The variation curves of displacement pressure differential and GOR under different flooding schemes are shown in Figure 6. The results show that for continuous gas injection, a higher pressure level corresponds to a lower displacement pressure differential. The peak displacement pressure differential for CO2 miscible flooding at 30 MPa was 6.1 MPa, whereas for immiscible flooding at 20 MPa it reached 8.5 MPa. This difference arises because, under immiscible conditions, the interfacial tension between CO2 and crude oil increases flow resistance, while under miscible conditions, thorough contact between CO2 and oil reduces interfacial tension to nearly zero, significantly lowering flow resistance and thus resulting in a lower pressure differential compared to immiscible and near-miscible flooding. In WAG flooding, alternating gas and water injection creates multiple gas–liquid interfaces within the pores. Due to interfacial tension effects, fluid flow resistance is higher than in continuous gas injection, enabling WAG flooding to maintain a higher displacement pressure differential and thereby mobilize oil from smaller pores.
From the GOR variation curves under different flooding schemes, it can be observed that significant GOR increases occurred at injection volumes of approximately 1.41 PV, 1.52 PV, 1.75 PV, and 1.90 PV for immiscible, near-miscible, miscible, and WAG flooding, respectively. This indicates that for continuous gas injection, lower reservoir pressure levels lead to earlier gas breakthrough and faster gas channeling. In WAG flooding, water preferentially enters larger, well-connected pores, making it less likely for CO2 to form dominant flow channels along these pores. This delays gas breakthrough, and due to the alternating production of gas and water, the GOR remains at a relatively low level, which facilitates the more efficient utilization and storage of CO2.
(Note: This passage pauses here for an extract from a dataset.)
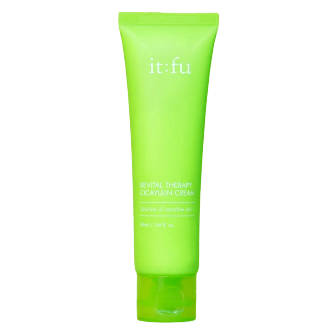 Le IT: FU - Thérapie revitale Cicayuun Cream 50ml est une luxueuse crème de soins de la peau conçue pour rajeunir et restaurer la lueur naturelle de votre peau. Formulé avec un mélange unique d'ingrédients revitalisants, cette crème est parfaite pour ceux qui cherchent à améliorer la texture et l'éclat de leur peau.

3.5.2. Influence on Oil Displacement Efficiency

A comparison of the oil recovery under different displacement schemes is shown in Figure 7. The results indicate that prior to gas breakthrough, the oil recovery ranged from 53.0% to 63.5% across the different CO2 flooding methods, ranked from high to low as follows: WAG miscible flooding, miscible flooding, near-miscible flooding, and immiscible flooding. After gas breakthrough, the incremental recoveries for WAG, miscible, near-miscible, and immiscible flooding were 20.3%, 18.7%, 15.3%, and 9.2%, respectively. This demonstrates that WAG flooding outperforms continuous gas injection both before and after gas breakthrough. This is attributed to the fact that during continuous gas injection, CO2 preferentially displace oil in larger pores. Once the injected CO2 volume reaches a certain threshold, the interconnected larger pores gradually form dominant flow channels for CO2, leading to premature gas breakthrough and channeling. In WAG flooding, the alternating injection of CO2 and water allows water to first enter the larger pores, and due to its higher flow resistance, subsequently injected CO2 is diverted into medium and small pores to mobilize otherwise hard-to-recover oil. Consequently, WAG flooding effectively homogenizes the displacement front and controls gas channeling, resulting in superior displacement efficiency compared to other methods. However, regardless of the flooding scheme, the incremental oil recovery achieved after gas breakthrough is significantly lower than the cumulative recovery before breakthrough. Therefore, optimizing the displacement scheme and injection-production parameters to prevent premature gas breakthrough is key to enhancing the effectiveness of CO2 flooding.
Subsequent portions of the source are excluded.